2. Iterate over each character pair from the two strings:
• If characters match, update the cell as dp[i][j] = dp[i-1][j-1] + 1.
• If not, take the maximum value between the previous subproblems: dp[i][j] = max(dp[i-1][j], dp[i][j-1]).
3. The LCS length will be stored in dp[m][n] at the end.
public class LongestCommonSubsequence {
public int longestCommonSubsequence(String text1, String text2) {
int m = text1.length();
int n = text2.length();
// Initialize the DP array with dimensions (m+1) x (n+1)

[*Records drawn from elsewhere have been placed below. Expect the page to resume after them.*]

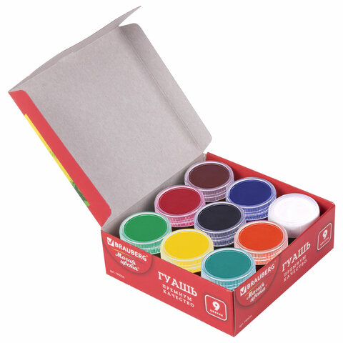 Гуашь BRAUBERG "МАГИЯ ЦВЕТА", 9 цветов по 20 мл, 190556
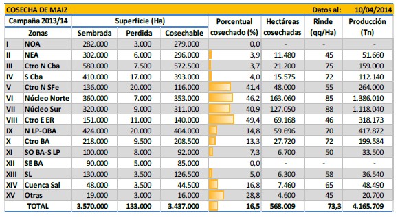 Por último el Centro-Norte de Córdoba denota óptimas condiciones en los materiales de siembras tardías, estimando productividades superiores a los promedios históricos zonales. A su vez, a nivel sanitario se relevaron severos ataques de tizón, los cuales fueron controlados mediante aplicaciones con fungicida. Frente a este escenario mantenemos nuestra actual proyección en 24.000.000 toneladas; no se descarta que esta proyección pueda ser ajustada en nuestros próximos informes, a causa de las pérdidas potenciales por anegamiento. De lo contrario, la producción estaría un -11 % por debajo de lo recolectado la pasada campaña (2012/13 27 MTn).
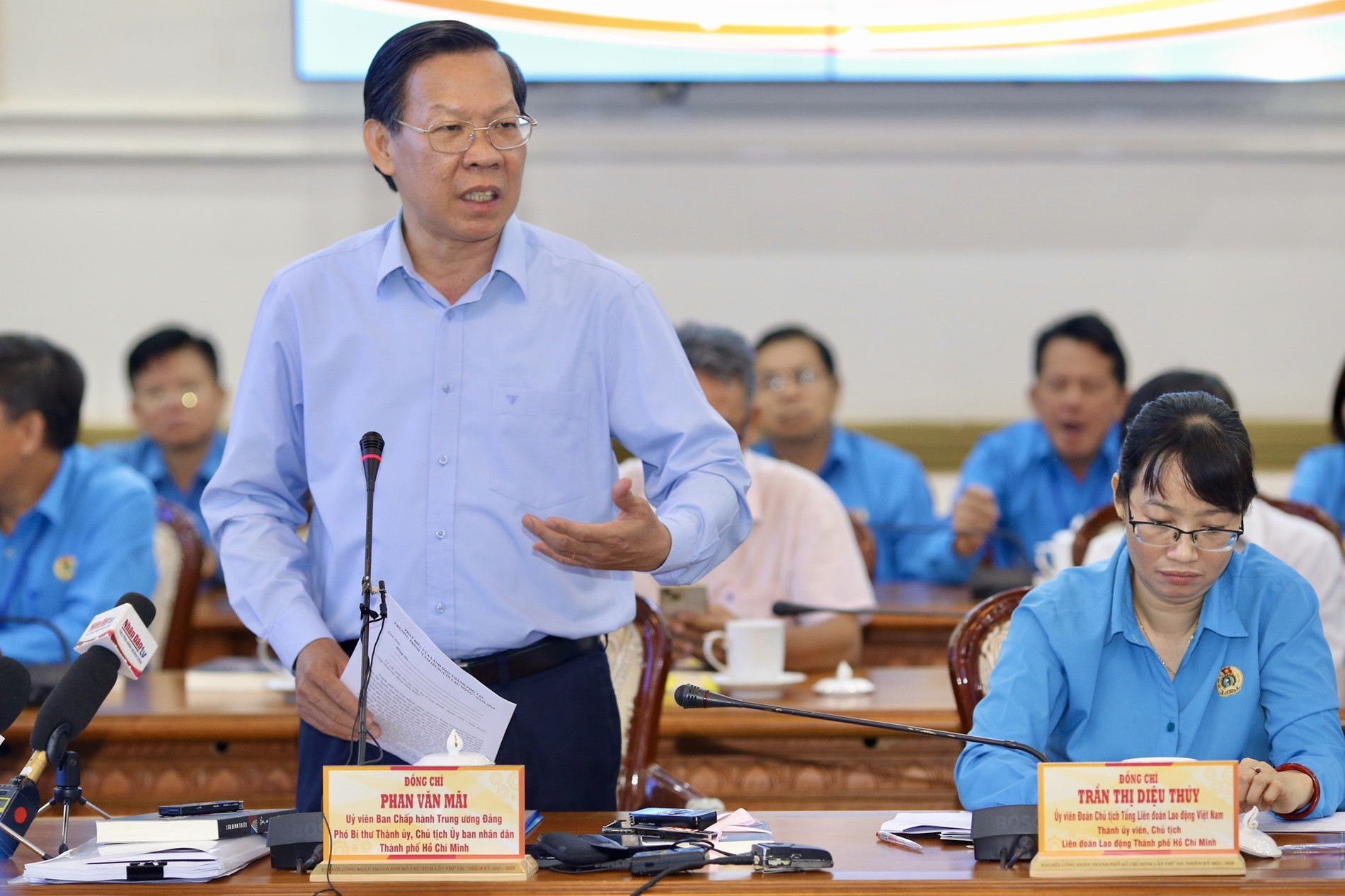 Chủ tịch TPHCM cam kết với công nhân lao động về xây dựng NƠXH tại buổi gặp mặt. Ảnh: CTV

int[][] dp = new int[m + 1][n + 1];
// Fill the DP array by comparing characters
for (int i = 1; i <= m; i++) {
for (int j = 1; j <= n; j++) {
if (text1.charAt(i - 1) == text2.charAt(j - 1)) {
dp[i][j] = dp[i - 1][j - 1] + 1; // Matching characters
} else {
dp[i][j] = Math.max(dp[i - 1][j], dp[i][j - 1]); // Non-matching characters
}
}
}
// The result is the length of the longest common subsequence
return dp[m][n];
}
}
Line-By-Line Breakdown
- Store Lengths
int m = text1.length();
int n = text2.length();
Retrieve lengths of text1 and text2 and store them in variables. These lengths will determine the dimensions of our DP array, allowing us to iterate over each character in both strings.

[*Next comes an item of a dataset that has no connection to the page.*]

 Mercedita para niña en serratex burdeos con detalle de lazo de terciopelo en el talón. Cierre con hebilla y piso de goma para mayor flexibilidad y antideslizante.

2. Create 2D Integer Array
int[][] dp = new int[m + 1][n + 1];
- Create a 2D integer array dp with dimensions (m +1) x (n +1). The extra row and column allows for easier boundary conditions when indexing, so dp[0][*] and dp[*][0] can represent comparisons with an “empty” substring.
- Each dp[i][j] will store the length of the LCS between the substrings text1[0…i-1] and text2[0…j-1]. This array will help us break down the problem into smaller subproblems and store intermediate solutions, key aspects of dynamic programming.
3. Nested For Loop
// Fill the DP array by comparing characters
for (int i = 1; i <= m; i++) {
for (int j = 1; j <= n; j++) {
- These nested for loops iterate over each character pair in text1 and text2, where i and j range from 1 to m and n respectively.
- By looping over each character in both strings, we are able to build solutions for progressively larger substrings, which is typical in dynamic programming.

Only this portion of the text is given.